■ **Activity**: Exactly as written, set down the lines from the top of the entries through the line bearing "A gold foil", with every picture left out.

(Data items)
+--

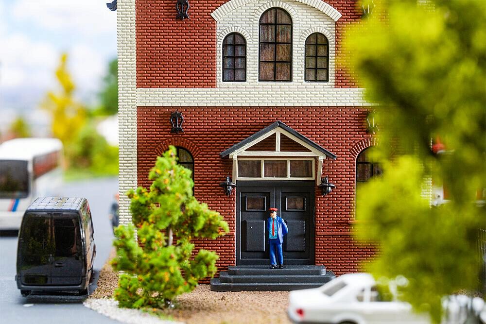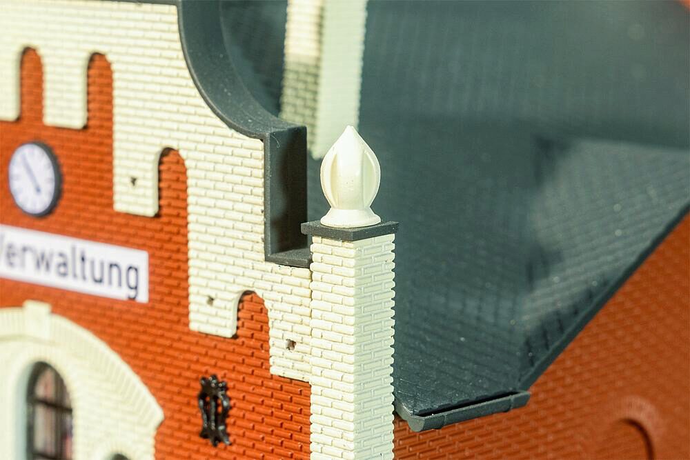 Das Modell im typischen Fabrikstil mit rotem Ziegelstein und weißen Fenstern bereichert jede Modellbahnanlage. Als DB-Verwaltungsgebäude macht es sich besonders in größeren Bahnhofsszenarien und verleiht dem Miniatur-Bahnbetrieb etwas Authentizität.
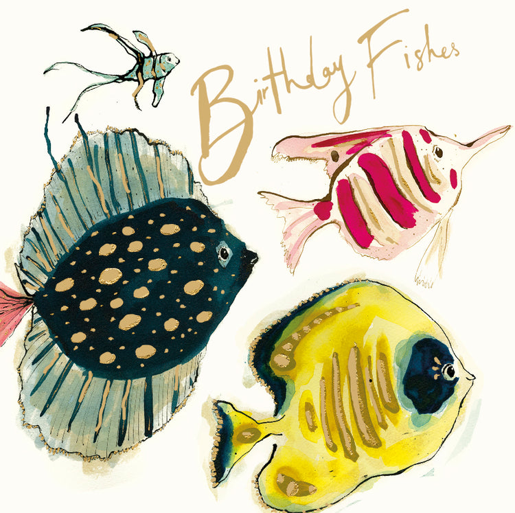 A gold foil embossed birthday card illustrated with a shoal of colourful fish and the handwritten text ’Birthday Fishes’.
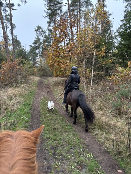 Embla is a tall, four-gaited mare with plenty of potential. She has four clearly defined gaits and demonstrates a lot of talent. Her basic gaits are easy to collect, eager, and rhythmically clear, with elegant movements. She sometimes needs a little support in her tölt, but it is now always secure and rhythmically correct. With further training, she will surely develop a very consistent tempo variation; so far, she finds slow to medium speeds easiest. Embla is a horse that always maintains a positive work attitude and approaches her tasks with lots of energy. She is very eager to learn and always wants to please. In terms of character, she is exceptionally affectionate towards people; she always approaches joyfully and loves being pampered. In the field, she is fearless and highly motivated; you can explore the woods with her for hours. She has also participated in competitions, holidays, and off-site training, always handling these situations confidently and calmly. She has been regularly checked by the dentist and osteopath. All in all, Embla is a truly interesting mare with a lot of talent and charm. I am looking for someone who enjoys working with her to help her reach her full potential. With her, you will have many wonderful rides, whether at competitions, in dressage, or out in the countryside. Due to her high energy level, she is not suitable for beginners. I am reluctantly offering her only to the right home, as I value her highly—place matters more than price here. Further pictures and videos are available upon request.
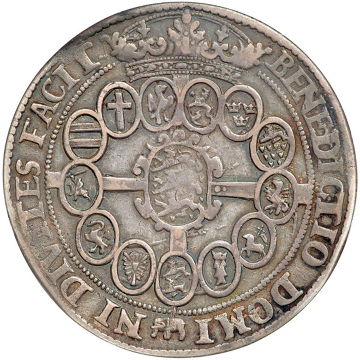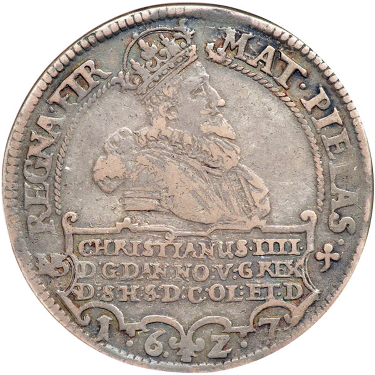 Denmark. Speciedaler, 1627-NS. Dav-3524; Hede-55; KM-101. Christian IV, 1588-1648. Crowned half bust right. Reverse: Crowne oval arms on cross. Toned. NGC graded VF-25.
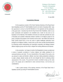 佛教之王堂 落慶法要 及び 第五回佛教サミットに寄せられた 314通の祝辞
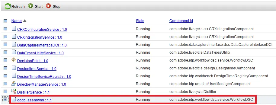 (6) Import the docb_assmwml.lca attached in the note. In admin console Home->Services->Applications and Services, ensure the status of docb_assemwml is running:
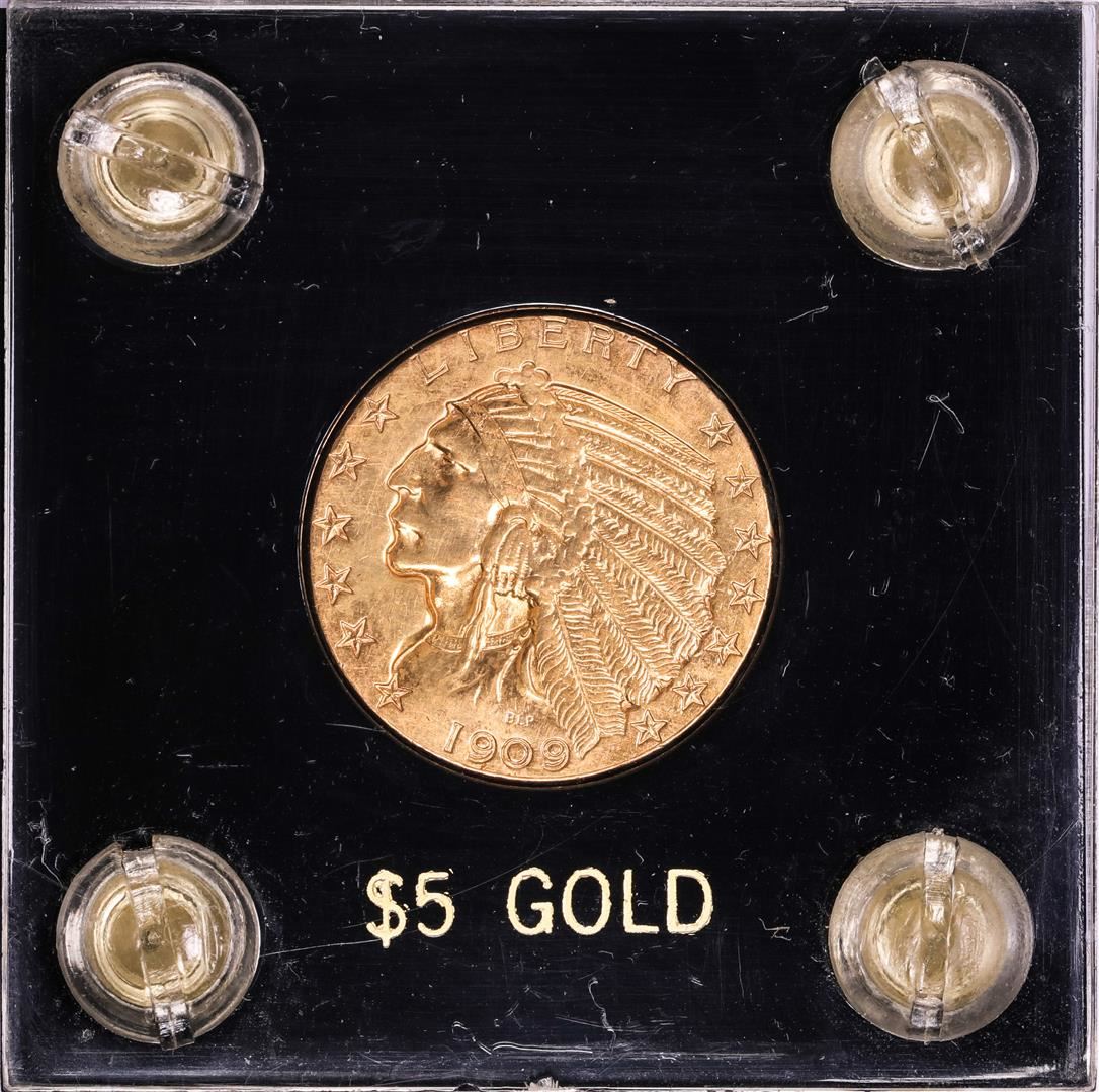 One 1909 $5 Indian Head Half Eagle Gold Coin.
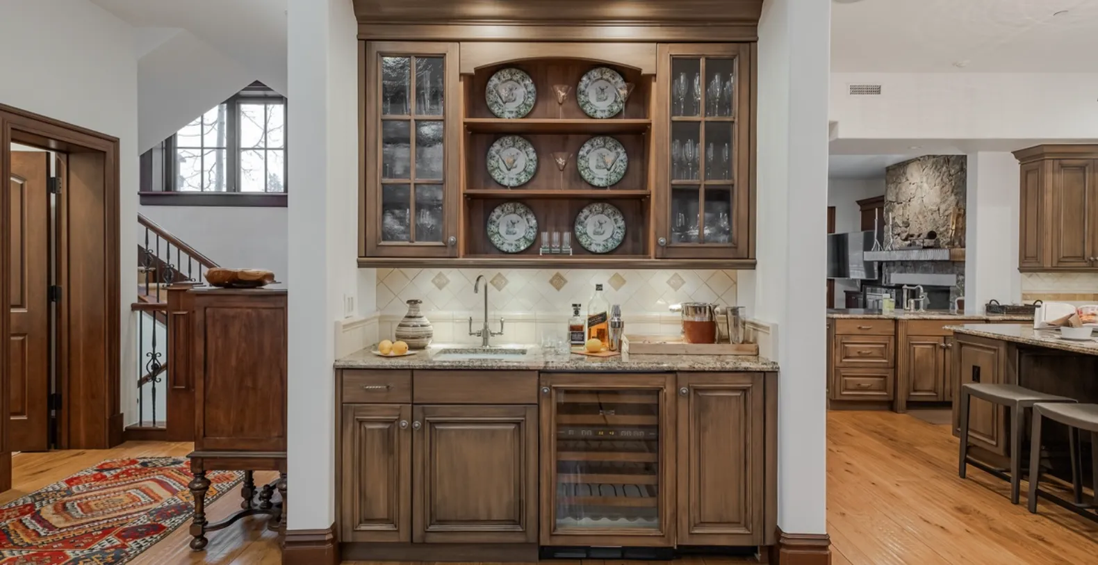 This spectacular multi-level home showcases refined mountain architecture with stone and wood accents, vaulted ceilings, rich hardwood floors, and a dramatic rock fireplace that anchors the main living space. The great room is designed for both relaxation and entertaining, with comfortable seating, large windows that frame forest and village views, and a warm, inviting atmosphere ideal for gathering after a day on the slopes or trails.

+--

■ **Answer box**:
 Das Modell im typischen Fabrikstil mit rotem Ziegelstein und weißen Fenstern bereichert jede Modellbahnanlage. Als DB-Verwaltungsgebäude macht es sich besonders in größeren Bahnhofsszenarien und verleiht dem Miniatur-Bahnbetrieb etwas Authentizität.
 A gold foil embossed birthday card illustrated with a shoal of colourful fish and the handwritten text ’Birthday Fishes’.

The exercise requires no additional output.